**ASSIGNED TASK**
Write the listing below out again exactly, dropping the images.

**EXERCISE INPUTS**
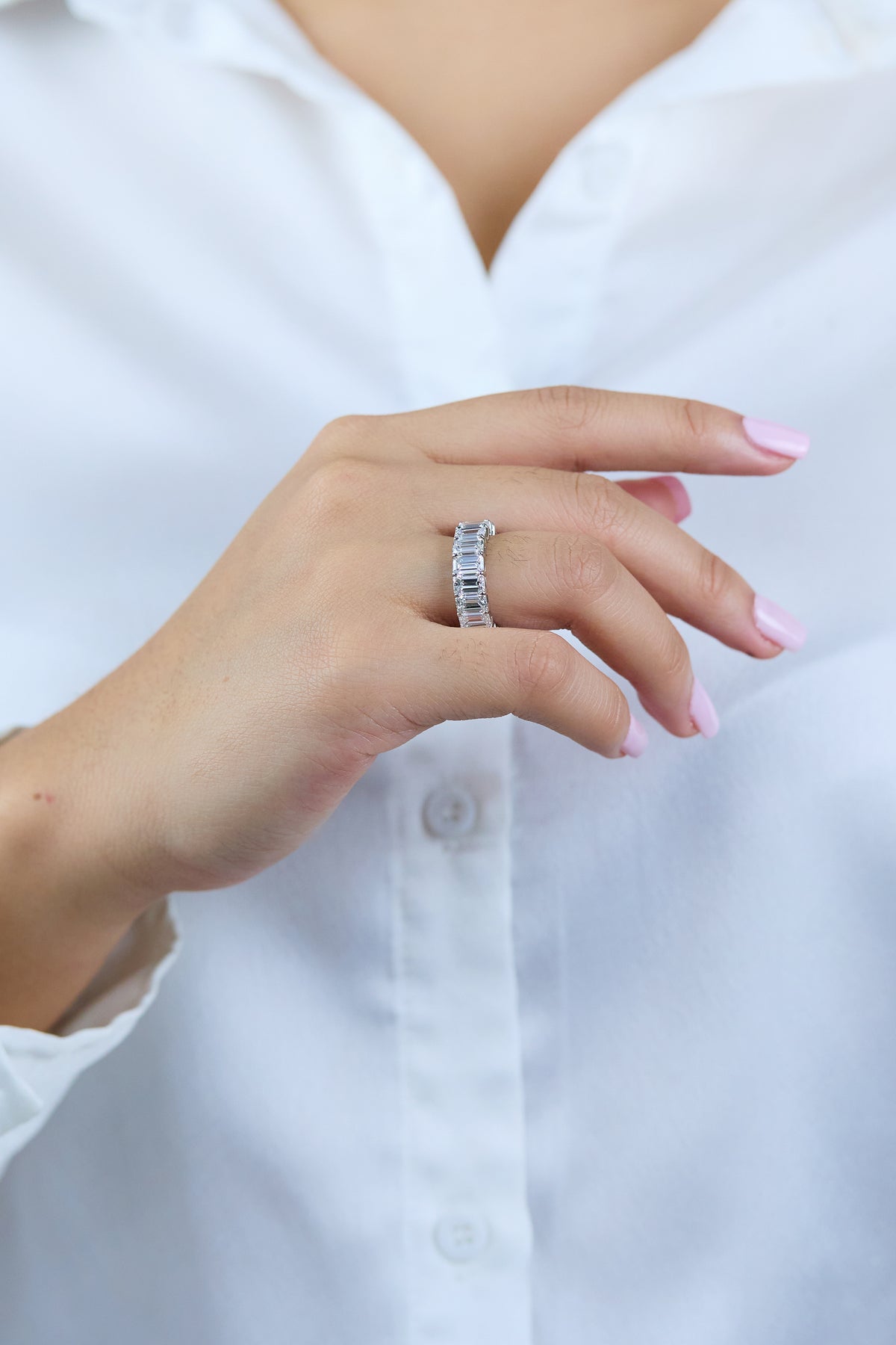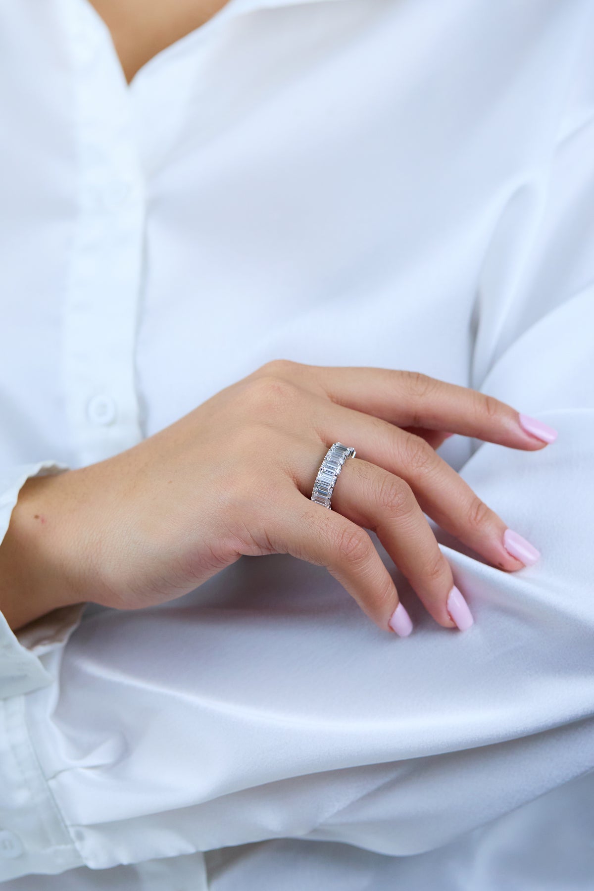 Styled correctly, a 9.94 carats Brilliant White Wedding Band like this can anchor your entire jewelry story. In the day, keep things deliberate and minimal β a single wedding band or eternity ring, a discreet pair of studs and perhaps one bracelet are enough to let the diamonds and gemstones speak without competition.
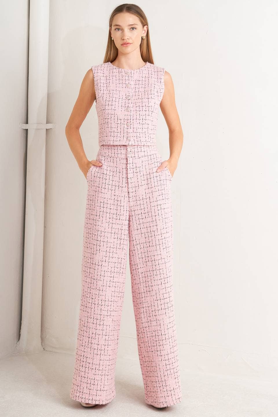 A tweed pant featuring front closure, pockets and wide leg. Matching FJ1329 Details: Self : 90% Polyester 10% Cotton Lining : 100% Polyester Size & Fit - Model is 5`8" And Wearing Size Small - Measurements Taken From Size Small - Approx. Length: 46"
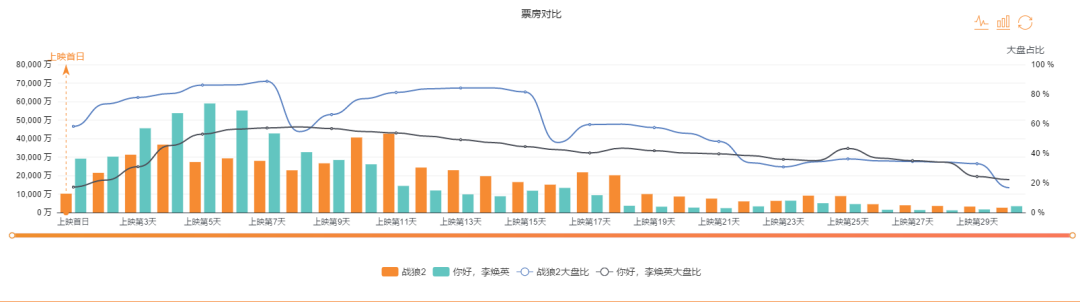 《战狼2》比《李焕英》长尾效应更加明显。以1亿票房为节点,《战狼2》与《李焕英》分别在上映第18日和第12日,日票房分别降至1亿以下,两者相差6天。
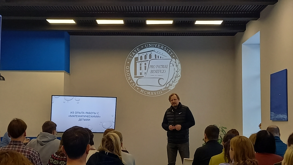 В рамках математического турнира для учителей математики и для родителей, которые интересуются математикой, в «Точке кипения – ИвГУ» состоялась открытая лекция «Из опыта работы с «математическими» детьми». Лектор – Власов Евгений Викторович, кандидат физико-математических наук, доцент кафедры фундаментальной математики ИвГУ, директор ЧОУ «Гармония», педагог дополнительного образования «Центра развития детской одаренности», работает в системе образования уже более 30 лет, став наставником для многих одаренных ребят.
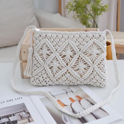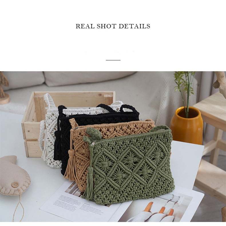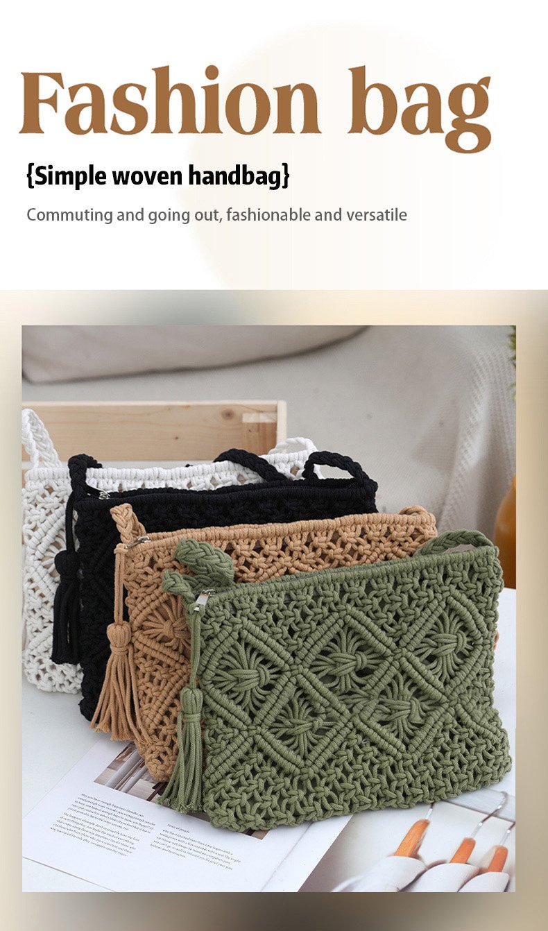 🏆Flash Sale⚡ 50K+ SOLD! Almost Gone-💥Minimalist Tassel Women's Clutch – Retro Cotton Rope Woven Bag, Summer Vacation Boho Beach Purse
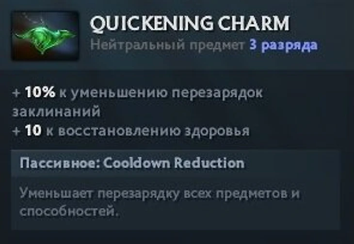 Уменьшение перезарядок всех способностей и предметов – читы. И Quickening Charm – легальный чит. 10% – очень много, если речь идет о перезарядке какого-то очень большого кулдауна, и наоборот. Например:
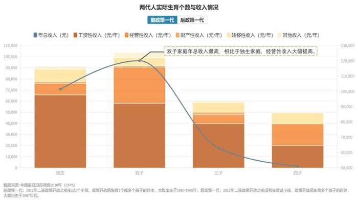 但并不是“越有钱越能生”,在放开二孩政策后生育的家庭(后政策一代)中,收入越高的家庭,生育孩子的个数反而越少,独生子女家庭的总收入最高。但是放开政策前生育的家庭(前政策一代)中,生育2个孩子的家庭总收入最高。
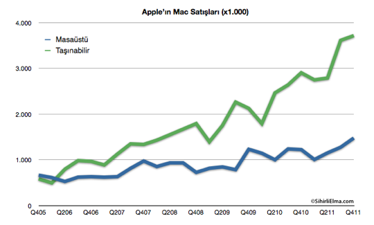 Ayrıca önemli bir detay daha, bu çeyrekte satılan Mac’lerin yarısı, yeni Mac kullanıcılarına, yani daha önce hiç Mac kullanmamış kişilere satıldı. Sihirli Elma’ya artık daha çok iş düşüyor diyebiliriz sanırım, her ne kadar ülkemizde rakamlar henüz bu kadar yüksek olmasa da… 🙂
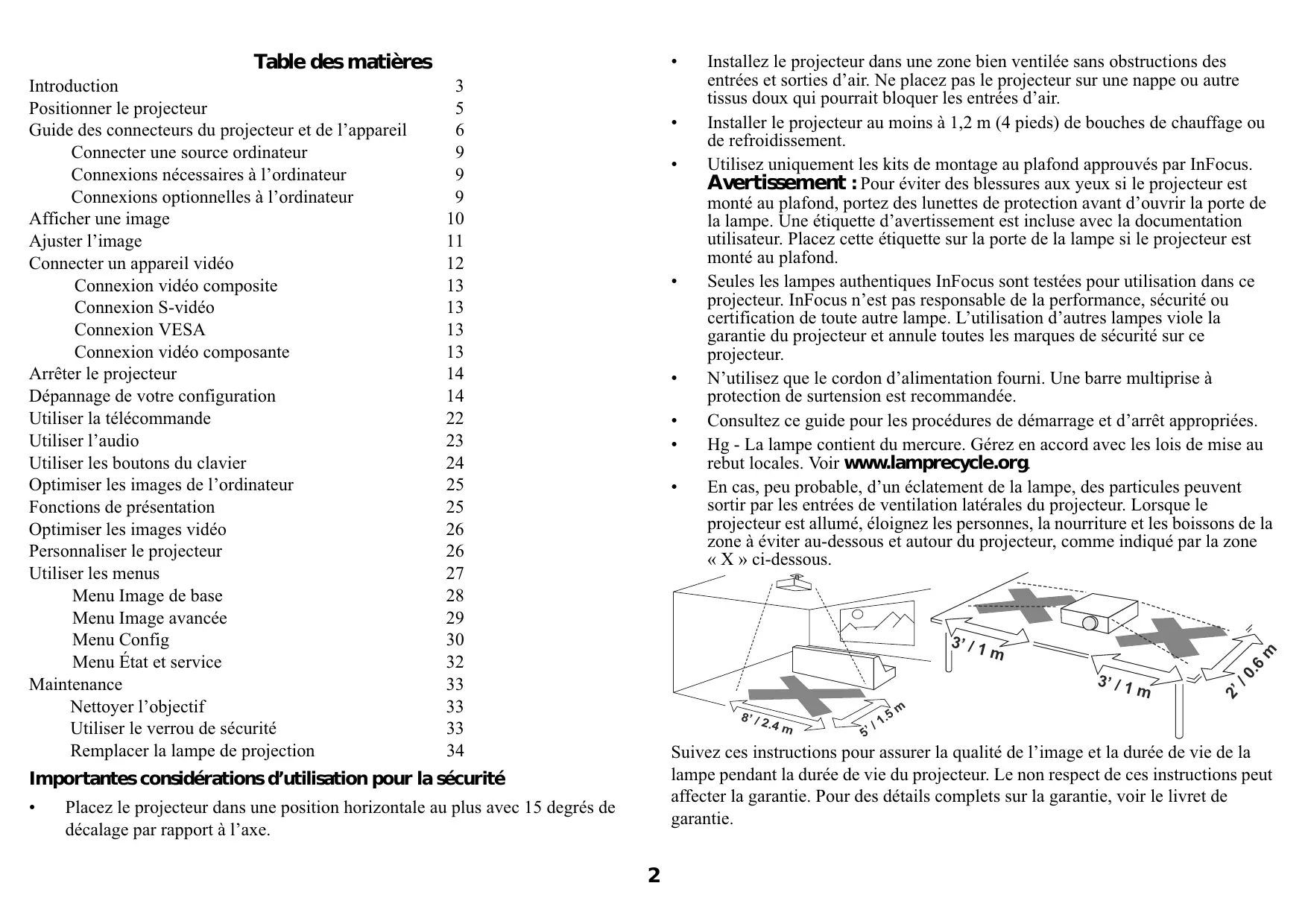 - Installer le projecteur au moins à 1,2m (4 pieds) de bouches de chauffage ou de refroidissement. Utilisez uniquement les kits de montage au plafond approuvés par InFocus. Avertissement : Pour éviter des blessures aux yeux si le projecteur est monté au plafond, portez des lunettes de protection avant d'ouvrir la porte de la lampe. Une étiquette d'avertissement est incluse avec la documentation utilisateur. Placez cette étiquette sur la porte de la lampe si le projecteur est monté au plafond.
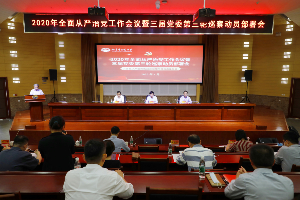 5月19日下午,学校召开2020年全面从严治党工作会议暨三届党委第三轮巡察动员部署会。校党委书记程纯到会并讲话。全体在宁校领导,校党委委员、纪委委员,巡察工作领导小组成员,全校中层干部,第三轮巡察巡察组全体成员以及全校正科级干部分别在主会场丰盛楼学术报告厅和分会场B7教学楼参加会议。会议由校党委常委、纪委书记张玉清主持。

**RESPONSE BELOW**
 Styled correctly, a 9.94 carats Brilliant White Wedding Band like this can anchor your entire jewelry story. In the day, keep things deliberate and minimal β a single wedding band or eternity ring, a discreet pair of studs and perhaps one bracelet are enough to let the diamonds and gemstones speak without competition.
 A tweed pant featuring front closure, pockets and wide leg. Matching FJ1329 Details: Self : 90% Polyester 10% Cotton Lining : 100% Polyester Size & Fit - Model is 5`8" And Wearing Size Small - Measurements Taken From Size Small - Approx. Length: 46"
 《战狼2》比《李焕英》长尾效应更加明显。以1亿票房为节点,《战狼2》与《李焕英》分别在上映第18日和第12日,日票房分别降至1亿以下,两者相差6天。
 В рамках математического турнира для учителей математики и для родителей, которые интересуются математикой, в «Точке кипения – ИвГУ» состоялась открытая лекция «Из опыта работы с «математическими» детьми». Лектор – Власов Евгений Викторович, кандидат физико-математических наук, доцент кафедры фундаментальной математики ИвГУ, директор ЧОУ «Гармония», педагог дополнительного образования «Центра развития детской одаренности», работает в системе образования уже более 30 лет, став наставником для многих одаренных ребят.
 🏆Flash Sale⚡ 50K+ SOLD! Almost Gone-💥Minimalist Tassel Women's Clutch – Retro Cotton Rope Woven Bag, Summer Vacation Boho Beach Purse
 Уменьшение перезарядок всех способностей и предметов – читы. И Quickening Charm – легальный чит. 10% – очень много, если речь идет о перезарядке какого-то очень большого кулдауна, и наоборот. Например:
 但并不是“越有钱越能生”,在放开二孩政策后生育的家庭(后政策一代)中,收入越高的家庭,生育孩子的个数反而越少,独生子女家庭的总收入最高。但是放开政策前生育的家庭(前政策一代)中,生育2个孩子的家庭总收入最高。
 Ayrıca önemli bir detay daha, bu çeyrekte satılan Mac’lerin yarısı, yeni Mac kullanıcılarına, yani daha önce hiç Mac kullanmamış kişilere satıldı. Sihirli Elma’ya artık daha çok iş düşüyor diyebiliriz sanırım, her ne kadar ülkemizde rakamlar henüz bu kadar yüksek olmasa da… 🙂
 - Installer le projecteur au moins à 1,2m (4 pieds) de bouches de chauffage ou de refroidissement. Utilisez uniquement les kits de montage au plafond approuvés par InFocus. Avertissement : Pour éviter des blessures aux yeux si le projecteur est monté au plafond, portez des lunettes de protection avant d'ouvrir la porte de la lampe. Une étiquette d'avertissement est incluse avec la documentation utilisateur. Placez cette étiquette sur la porte de la lampe si le projecteur est monté au plafond.
 5月19日下午,学校召开2020年全面从严治党工作会议暨三届党委第三轮巡察动员部署会。校党委书记程纯到会并讲话。全体在宁校领导,校党委委员、纪委委员,巡察工作领导小组成员,全校中层干部,第三轮巡察巡察组全体成员以及全校正科级干部分别在主会场丰盛楼学术报告厅和分会场B7教学楼参加会议。会议由校党委常委、纪委书记张玉清主持。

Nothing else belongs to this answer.